The following commands will build the container image and then create a container instance to run it

In [None]:
! docker build -t phi-2 phy-2/.
! docker run -d -p 5000:5000 -v phi2-models:/model_cache phi-2

### 4️⃣ Option 2: Run phy-2 API locally without a container

We recommend running the following commands in a separate terminal

In [None]:
! cd phy-2
! pip install --no-cache-dir -r requirements.txt
! flask --app app.py --debug run

### 5️⃣ Run the APIM self-hosted gateway with docker

In a production environment we recommend using Kubernetes.

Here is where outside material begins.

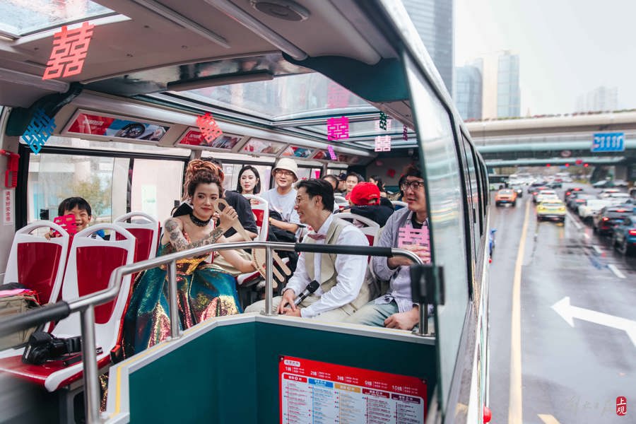 视频里一辆行驶到常熟路、五原路路口,涂装婚礼喜庆氛围的双层巴士遇红灯停下,一个姑娘走上前问,是真的结婚了吗?新郎大声回答“是”。

Follow this [guide](https://learn.microsoft.com/en-us/azure/api-management/how-to-self-hosted-gateway-on-kubernetes-in-production) to run the APIM self-hosted gateway in production. 

In [None]:
! docker run -d -p 80:8080 -p 443:8081 -e config.service.endpoint="{apim_config_endpoint}" -e config.service.auth="{self_hosted_gateway_auth}" -e runtime.deployment.artifact.source="Azure Portal" -e runtime.deployment.mechanism=Docker --name {self_hosted_gateway_name} mcr.microsoft.com/azure-api-management/gateway:v2

### 🧪 Test the API using a direct HTTP call

Requests is an elegant and simple HTTP library for Python that will be used here to make raw API requests and inspect the responses.

⚠️ The requests might take some minutes depending on your running environment. 

In [None]:
url = apim_resource_gateway_url + "/openai/deployments/" + openai_deployment_name + "/chat/completions?api-version=" + openai_api_version
messages={"messages":[
    {"role": "user", "content": "write me a poem about the moon"}
]}
response = requests.post(url, headers = {'api-key':apim_subscription_key}, json = messages)
print("status code: ", response.status_code)
print("headers ", response.headers)
print("x-ms-region: ", response.headers.get("x-ms-region")) # this header is useful to determine the region of the backend that served the request
if (response.status_code == 200):
    data = json.loads(response.text)
    print("response: ", data.get("choices")[0].get("message").get("content"))
else:
    print(response.text)

### 🧪 Test the API using the Azure OpenAI Python SDK
OpenAPI provides a widely used [Python library](https://github.com/openai/openai-python). The library includes type definitions for all request params and response fields. The goal of this test is to assert that APIM can seamlessly proxy requests to OpenAI without disrupting its functionality.
- Note: run ```pip install openai``` in a terminal before executing this step.

In [None]:
from openai import AzureOpenAI
messages=[
    {"role": "user", "content": "write me a poem about the sea"}
]
client = AzureOpenAI(
    azure_endpoint=apim_resource_gateway_url,
    api_key=apim_subscription_key,
    api_version=openai_api_version
)
response = client.chat.completions.create(model=openai_model_name, messages=messages)
print(response.choices[0].message.content)

### 🗑️ Clean up resources

When you're finished with the lab, you should remove all your deployed resources from Azure to avoid extra charges and keep your Azure subscription uncluttered.
Use the [clean-up-resources notebook](clean-up-resources.ipynb) for that.